What do all of these research projects have in common? The need to work with hundreds of thousands of data points related to a historical-language text in a systematic fashion. It is these (computational) strategies, approaches, and methods that I want to share with my ISAW colleagues, helping our research community build the skills necessary to design similar projects in their research areas and with attention to the wide range of historical-language studies here. This is what “Teaching Text Analysis for Historical Language Research” can contribute to the ISAW curriculum.

Here are some of the key questions organizing the course: 

  • When presented with a lot of textual data—think thousands, if not millions, of words—how do we organize such a collection? how do we sift through its contents rapidly and efficiently?

  • How do we extract the information we want?

  • How do we format what we find so that it can be further classified, clustered, visualized, and so on? 

With this course students—not to mention research scholars, associates, and faculty—will get an introduction to the methods most relevant for ancient world study from text analysis, corpus linguistics, natural language processing, information retrieval, among others, learning think in terms of the core tasks of computational text work.

The five tasks that we will cover in detail in this course are: text classification, text clustering, sequence labeling (e.g., given a sentence, being able to label each word in the sentence with a POS label), entity extraction (e.g., given a sentence, being able to identify all of the named people or geographic locations), and text visualization. In addition, we will start the course with some basics of text data management—when you start working with hundreds or thousands of text files for your research, any task you want to undertake will made that much easier with attention to file structure, data format, and so on.

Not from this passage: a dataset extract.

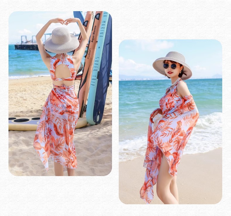 Set bikini 3 món họa tiết hoa kèm khăn voan, đồ bơi, đồ đi biển dành cho phái nữ - EVA SHOP

Perhaps the most exciting part of designing this course is the way it expands the curricular offerings at ISAW. The Digital Humanities intro course has become a cornerstone of the graduate curriculum here. I have co-taught this course with Sebastian Heath, Tom Elliott, and David Ratzan, specifically teaching the text analysis weeks on the syllabus. Yet language work is such a core part of ancient world study that it deserves an entire semester, a timeframe in which I can provide deeper training in the methods and give participants time to develop the kinds of new research questions these methods enable. 

Ted Underwood speaks in his book Distant Horizons of a “missing curricular foundation” that serves as an practical impediment to the widespread adoption of large-scale text analysis in the literary studies: “If we literary scholars also want to make a home for large-scale quantitative research in our departments, we will need to create a curricular path for it” (163). Mutatis mutandis, ancient world scholars. The alternative is what Adam Crymble has dubbed the “invisible college,” i.e. the patchwork of tutorials, workshops, and other “self-learning resources” that can introduce students to methods helpful for their research but not necessarily in a systematic way helpful for their careers. Expanding the DH curriculum at ISAW provides a foundation where cutting-edge methods can be productively applied to our disciplinary strengths—expanding the range of research questions that can be asked and the scale at which they can be pursued. ISAW has long offered this kind of curricular continuation for DH topics largely in archaeology and material culture (e.g. “Data Modelling and Querying”, “QGIS for Archaeologists and Historians”, “3D Modelling and Related Technologies”). With “Text Analysis for Historical Language Text,” we expand our beyond-the-intro offerings into philology and other text-focused areas of ancient world study.